My point is that women are not biologically programmed to be monogamous. they stick around for resources, but they'll still trade up if they think they can. I'm not risking my assets or freedom for an unstable instinctive parasitic animal that doesn't have logical faculties or a durable conception of honor. Id rather just fuck hookers until i die. Guys get into relationships and then they stay based on guilt and obligation (especially if there's kids). I've had two girlfriends and i cheated/dumped both of them because they ruined so many days just being unstable cunts and i just wanted to go out and do whatever i wanted without some cunt fucking it up.

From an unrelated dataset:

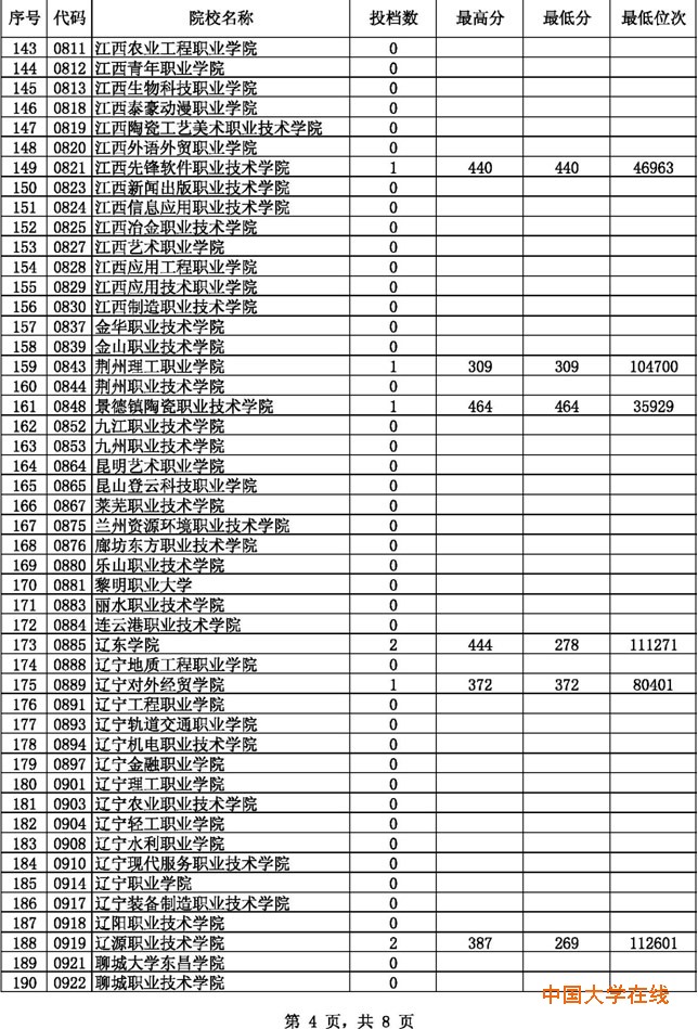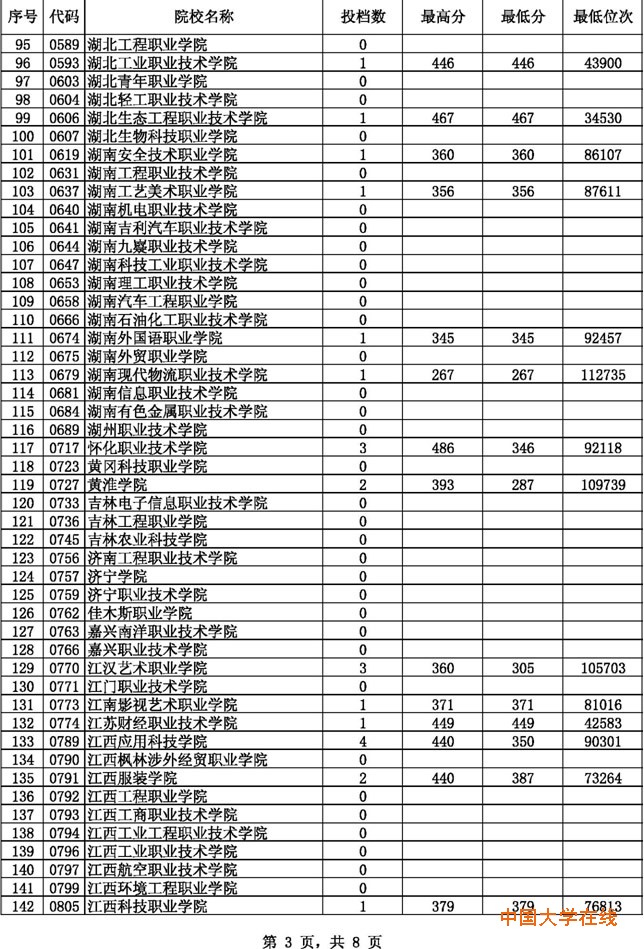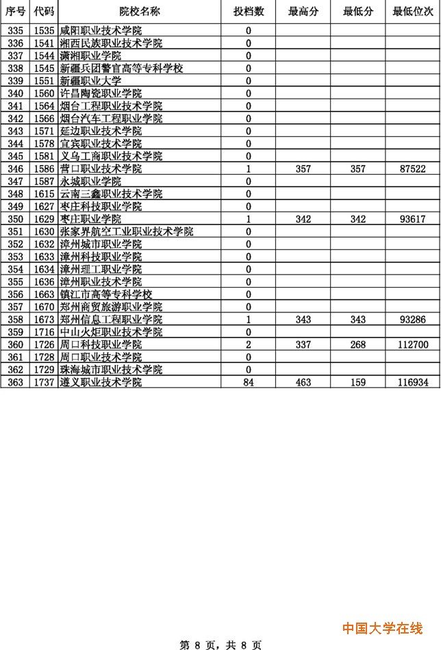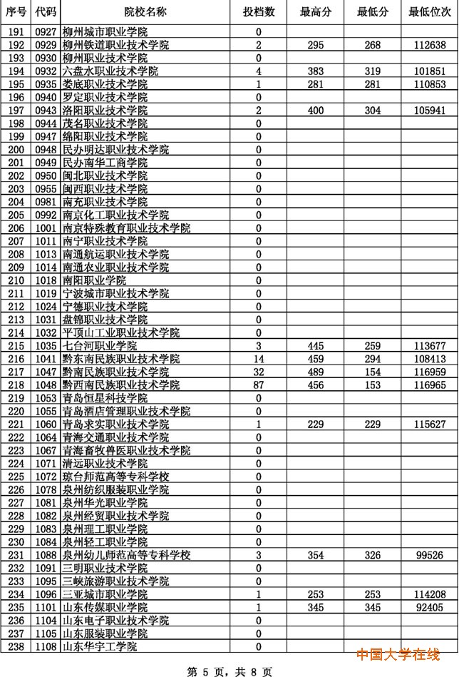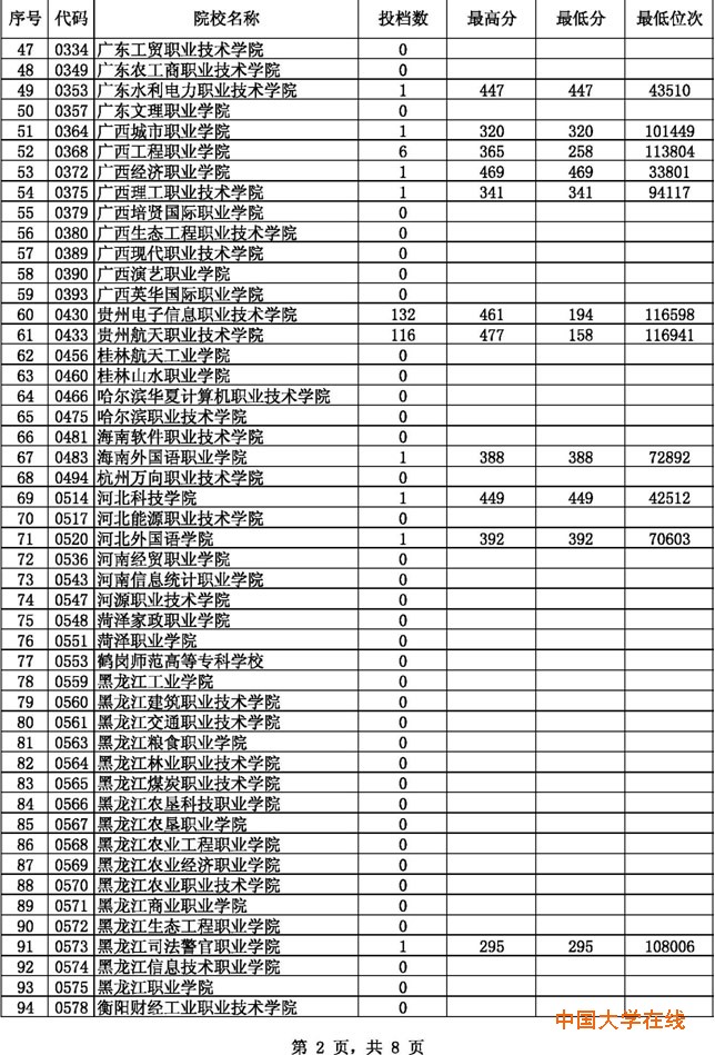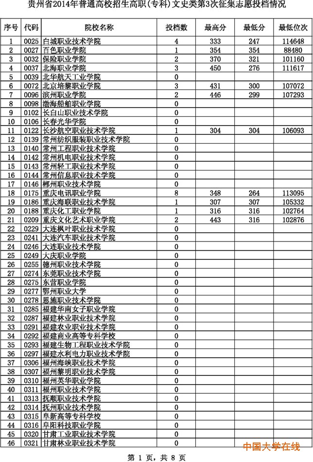 2014贵州高考高职(专科)文史类第3次征集志愿投档情况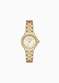 This 32mm watch features a cream sunray dial, three-hand movement and gold-tone stainless steel bracelet. Product Code: AR11609_NLP1_NLC Details Composition 100% Stainless Steel Movement: Quartz/3 Hand Dial: Cream Case Size: 32mm Case Material: Stainless Steel Plating: Gold Bracelet: Gold Stainless Steel Atm: 5 Atm

You have to genuinely desire to be a family man to "settle down." To me, a family is a loss of freedom and introduces potential financial ruin and the multiplication of suffering if things go south with your wife and kids

Can confirm, 32 here, have fucked asian girls, blondes, brunettes, redheads, big tits, small tits, black girls. Still don't feel satisfied, still regret the times I failed at things. Still haven't had a successful long term relationship. The only real benefit is now I can jack off by just remembering things

He just wants the brffrscoffa mexican laughter meme. Give it to him lol

>make you happier
good enough for me. the weight of the meaningless of existence is something you have to run from forever until you die. any intelligent person that has introspected even a little will come to that conclusion and will suffer at least mildly even in the best circumstances.